In order to play hockey, one must go to the store and buy every piece of equipment from head to toe. Even if you're just playing roller hockey, in order to be "safe", you still need a helmet, stick, gloves, shin guards, elbow pads, and skates. It's not like baseball/softball, basketball, football, or soccer, for example. Those sports, you go to the store and you buy:
baseball = bat, ball, glove
basketball = ball
football = ball
soccer = ball
So why is it that when large hockey stores decide to manufacture and bring in their own branded hockey product from Asia, in order to bring down the price of hockey equipment down, they are chastised?
What these stores are trying to do is provide privately branded products to the masses at lower, affordable prices. Part of that is the hope that doing this will allow more parents to afford hockey equipment, which will bring more and more kids to the sport.
I hear people complain that hockey equipment is so expensive and yet, they complain that these stores are creating their own products. Manufacturers such as Bauer make great products. There's no denying that. However, they make product in order to make money as a for-profit business. They mark it up for profit in selling them to retailers, who buy and mark it up for profit in selling to the consumer.
Say a product costs $100 to make. Company X, who employs people like many other companies, takes that cost and will want to make a 40-50 profit margin. What is profit margin? Well, the best way to explain it is that many companies, manufacturing or retail, do their calculations based on markups. This is not the same thing as margin. This is often a source of confusion - but only because percentages are difficult until you understand them.
- Margin
The percentage margin is the percentage of the final selling price that is profit.
Markup
A markup is what percentage of the cost price do you add on to get the selling price.
With margins, a 50% margin means that half the selling price is profit. In markups, that is a 100% markup (you have added 100% of the cost price to make the selling price). With margins, a 100% margin is only possible if the cost price is zero.
To understand why margins are higher, imagine an item that costs $50. If you sell it with a margin of 50% - that means fifty percent of the selling price should be profit. If you sell it at $100, half the selling price is profit - margin 50%.
If you sell the same item (cost $50) with a markup of fifty percent, you add fifty percent of the cost price.
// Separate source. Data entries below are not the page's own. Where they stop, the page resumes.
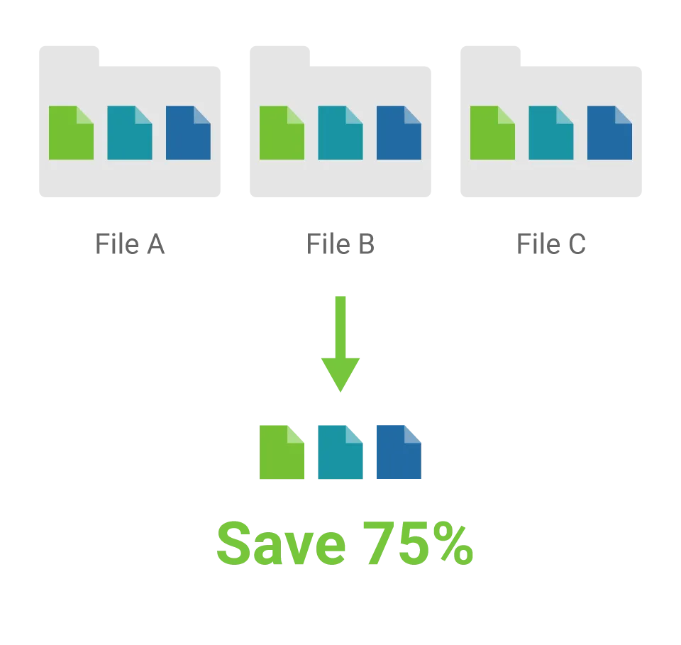 Ngay khi dữ liệu được ghi vào, hệ thống sẽ kiểm tra và loại bỏ các khối trùng lặp, giúp giảm đáng kể dung lượng lưu trữ sử dụng.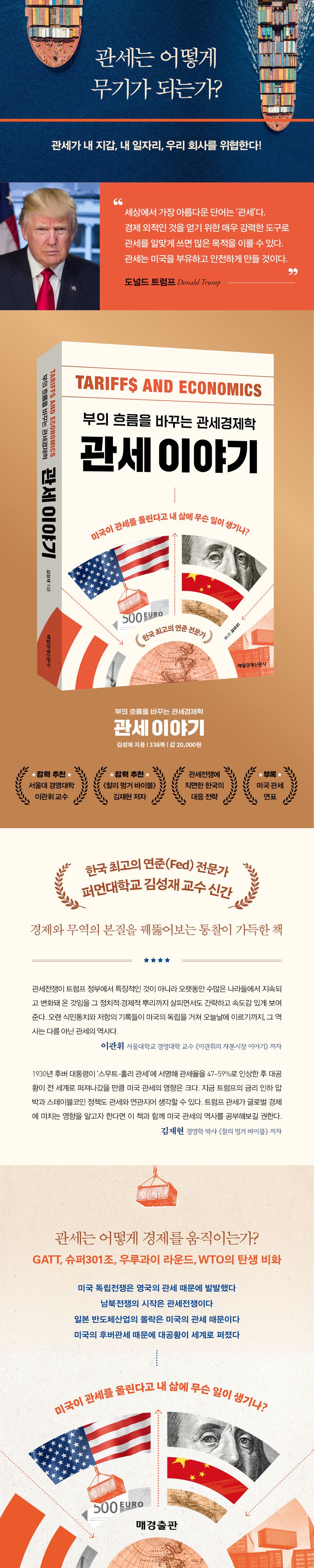 관세는 국내 산업 보호 기능을 하지만, 가격 왜곡, 무역 효율성 감소, 물가 상승, 소비자 이익 감소 등을 통해 경제 전체에 부정적 영향도 적지 않다. 저자는 미국과 영국이 시행했던 관세 정책의 역사적 사례와 수요와 공급의 원리, 금리와 통화량에 따른 금융시장의 변화 등을 설명하고 데이비드 리카도와 존 스튜어트 밀 등의 경제 이론을 바탕으로 자유무역이 경제 성장과 안정에 더 효과적임을 강조하며 바람직한 경제정책의 방향성을 제시한다. 또한 관세전쟁으로 시작된 복잡하고 긴급한 경제 위기 상황에서 우리나라 경제가 대비하고 돌파할 수 있는 전략을 조언한다.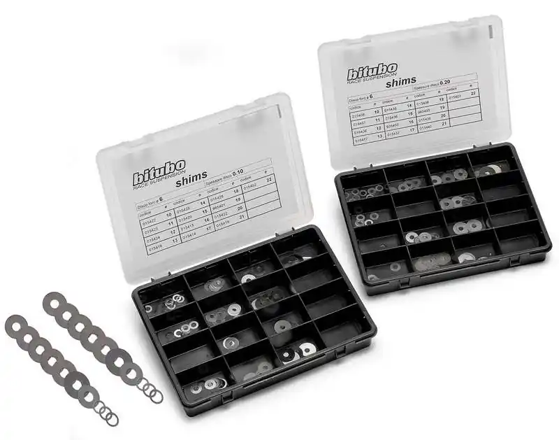 De BITUBO SHIMS BOX is uniek door zijn specifieke afmetingen van 6 mm inwendige diameter en 0.15 mm dikte. Deze eigenschappen zorgen voor een uitstekende pasvorm en functionaliteit in de vering van je voertuig.

Fifty percent of the cost price is $25. This makes the total selling price $75.
A fifty percent margin is higher than a fifty percent markup.
So, back to our example. It costs Company X $100 to make a product and they want a 40-50 profit margin. So, $100 at a 40 margin becomes $166.67, and 50 margin becomes $200. They most likely set a price to their retailers at $200 and they will create a discount program based on total volume purchases, that will bring the price of this product down to $170 (15% discount).
Dealers then mark up the product for their standard retail profit margin, which is most times at 40, for a sale price of approximately $333.50. Here, everyone makes money. The manufacturer makes their cut and the retailer makes his.
These larger retailers that bring in their own product, they source a similar product, with, in many cases, similar performance characteristics. What they don't have is a name brand and distribution beyond their own location(s). What they do have is a price $133 less instead of the name branded Company X product, that in many cases, can be bought at the same store and is usually located on the wall next to the private branded item.
Some of these larger stores offer an unreal guarantee! "Try it for 30 days, and if you're not completely satisfied with the performance of this product, return it to us and we will fully credit the original purchase price (excluding shipping), no questions asked!"
So why not try it? Why chastise it? Why complain that prices are so high when one doesn't want to give these products a try? Why be a hypocrite and complain that hockey equipment prices are so expensive?
Will these items work for everyone? Maybe not, however, it might be something to look into, and, at the same time, just might bring more people into the greatest sport in the world!